What you will do: Copy exactly the stretch of lines from the one holding "Delete/inactivate a bank account" through the last line of the data below, inclusive. Leave out pictures.
....
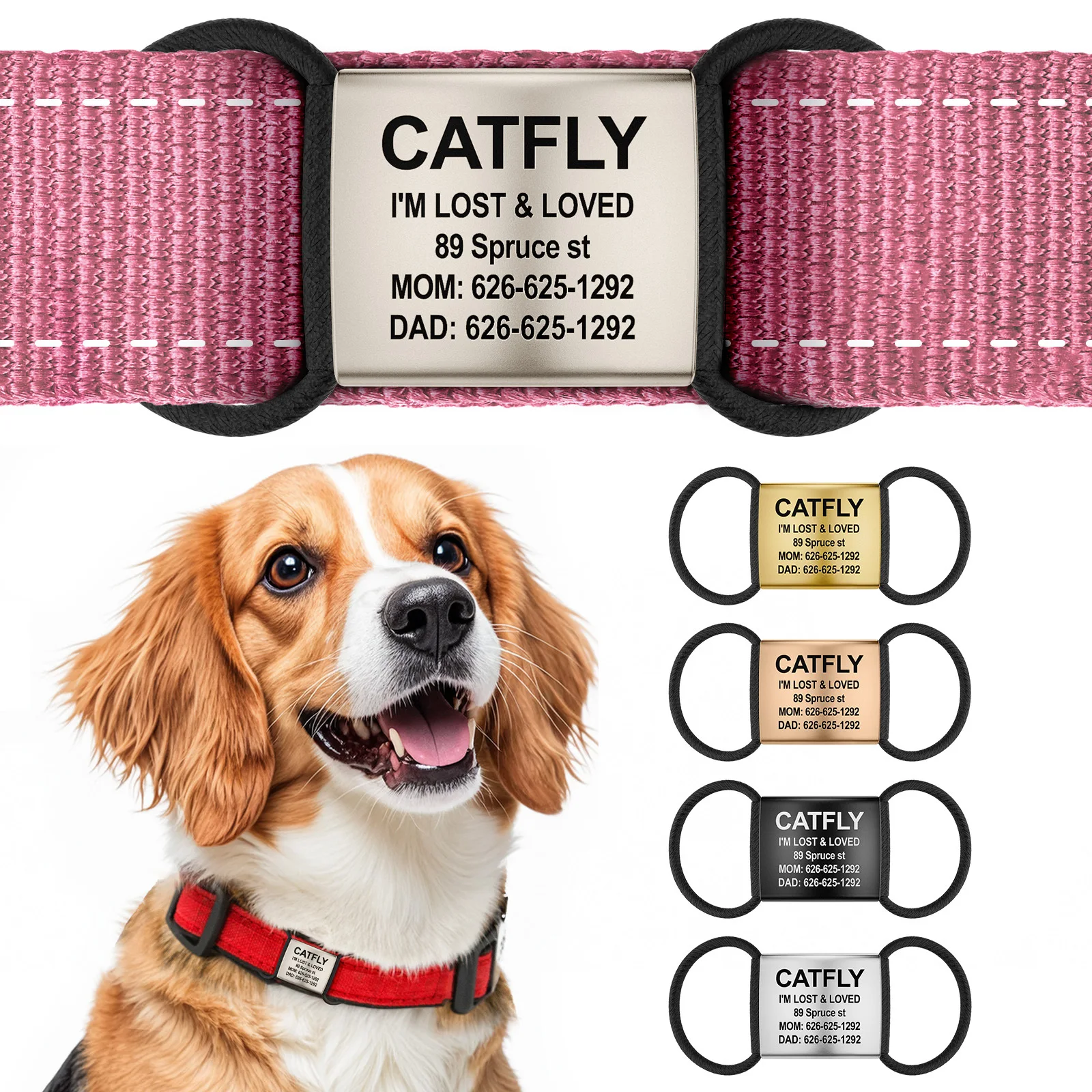 Etiqueta antipérdida de acero inoxidable, Collar para cachorro, perro y gato, etiqueta de nombre, accesorios personalizados, etiqueta de identificación de mascota, ajuste elástico
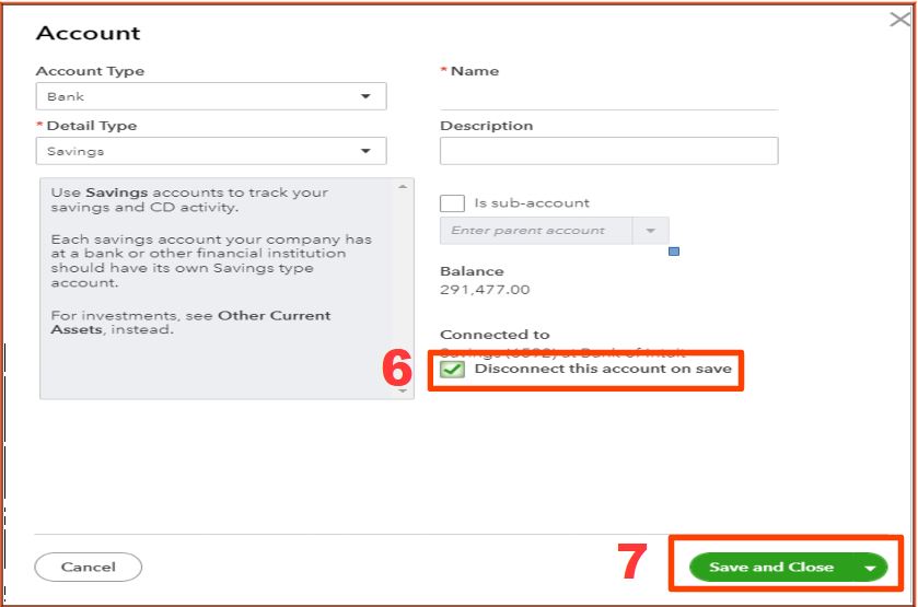 Delete/inactivate a bank account
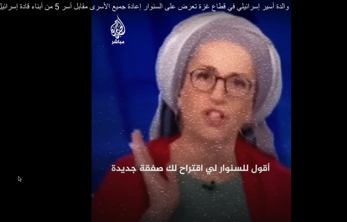 Seorang wanita Israel yang merupakan orang tua dari salah satu sandera yang ditawan di Gaza, memberikan tawaran langsung kepada pemimpin Hamas, Yahya Sinwar. Wanita itu menawarkan pertukaran 109 sandera Israel ditukar dengan 5 anak pejabat Israel.
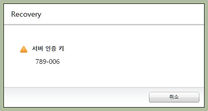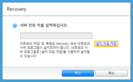 4.복원 모드로 부팅된 후 서버 인증 키 입력창이 나타나면 이미지가 저장된 시스템에서 보여주는 인증 키를 입력하고 확인을 누릅니다.
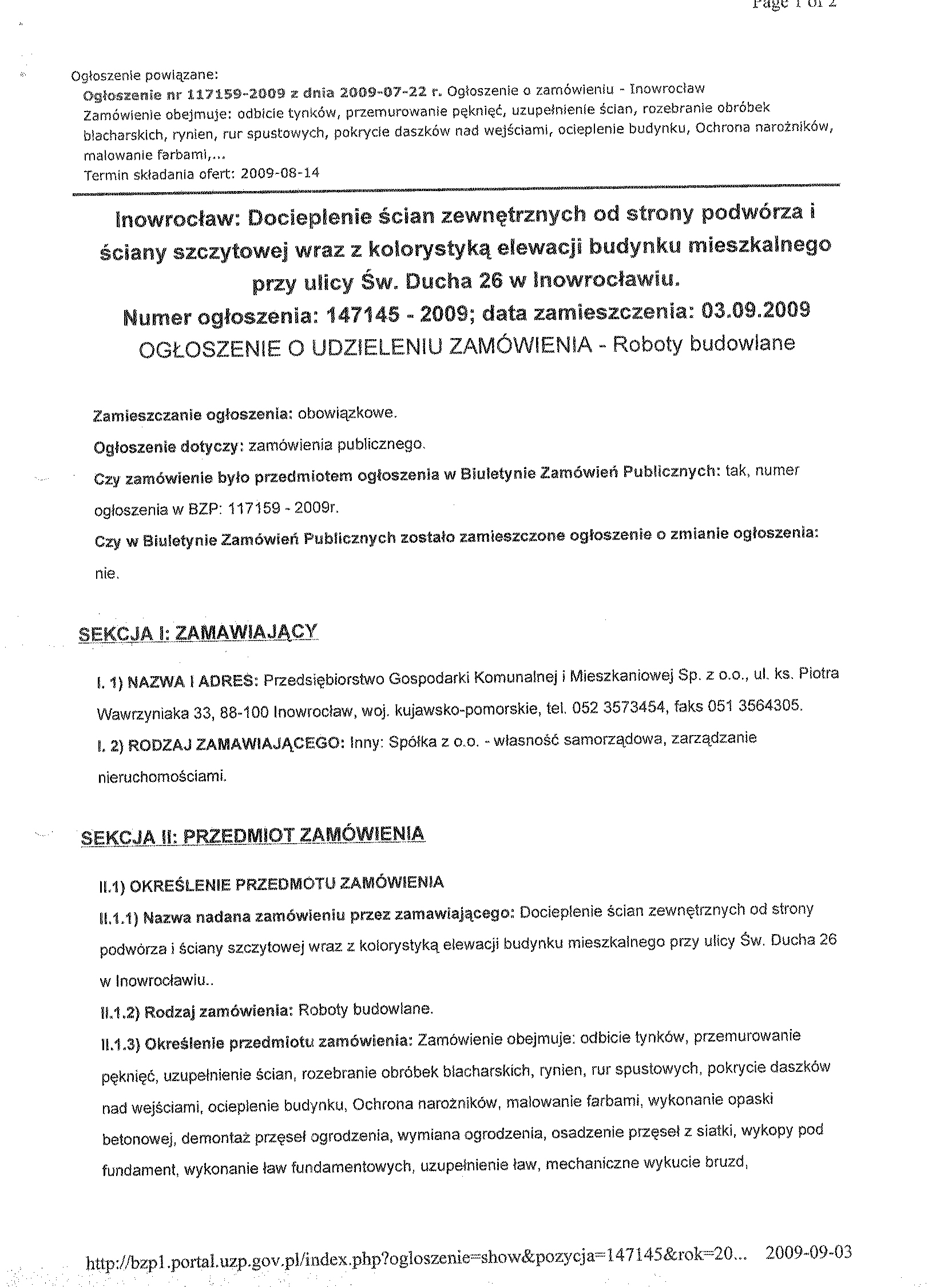 Nazwa nadana zam贸wieniu: "Docieplenie 艣cian zewn臋trznych od strony podw贸rza i 艣ciany szczytowej wraz z kolorystyk膮 elewacji budynku mieszkalnego przy ulicy 艢w. Ducha 26 w Inowroc艂awiu". 聽
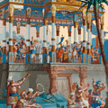Ce spectaculaire décor panoramique, édité en 1818 par la Manufacture Dufour, illustre avec force et poésie la conquête du Pérou par Pizarre au XVIᵉ siècle. On y découvre notamment la célèbre fête du Soleil célébrée au temple de Cuzco, capitale sacrée de l’Empire Inca.
....
Response below:
 Delete/inactivate a bank account
 Seorang wanita Israel yang merupakan orang tua dari salah satu sandera yang ditawan di Gaza, memberikan tawaran langsung kepada pemimpin Hamas, Yahya Sinwar. Wanita itu menawarkan pertukaran 109 sandera Israel ditukar dengan 5 anak pejabat Israel.
 4.복원 모드로 부팅된 후 서버 인증 키 입력창이 나타나면 이미지가 저장된 시스템에서 보여주는 인증 키를 입력하고 확인을 누릅니다.
 Nazwa nadana zam贸wieniu: "Docieplenie 艣cian zewn臋trznych od strony podw贸rza i 艣ciany szczytowej wraz z kolorystyk膮 elewacji budynku mieszkalnego przy ulicy 艢w. Ducha 26 w Inowroc艂awiu". 聽
Ce spectaculaire décor panoramique, édité en 1818 par la Manufacture Dufour, illustre avec force et poésie la conquête du Pérou par Pizarre au XVIᵉ siècle. On y découvre notamment la célèbre fête du Soleil célébrée au temple de Cuzco, capitale sacrée de l’Empire Inca.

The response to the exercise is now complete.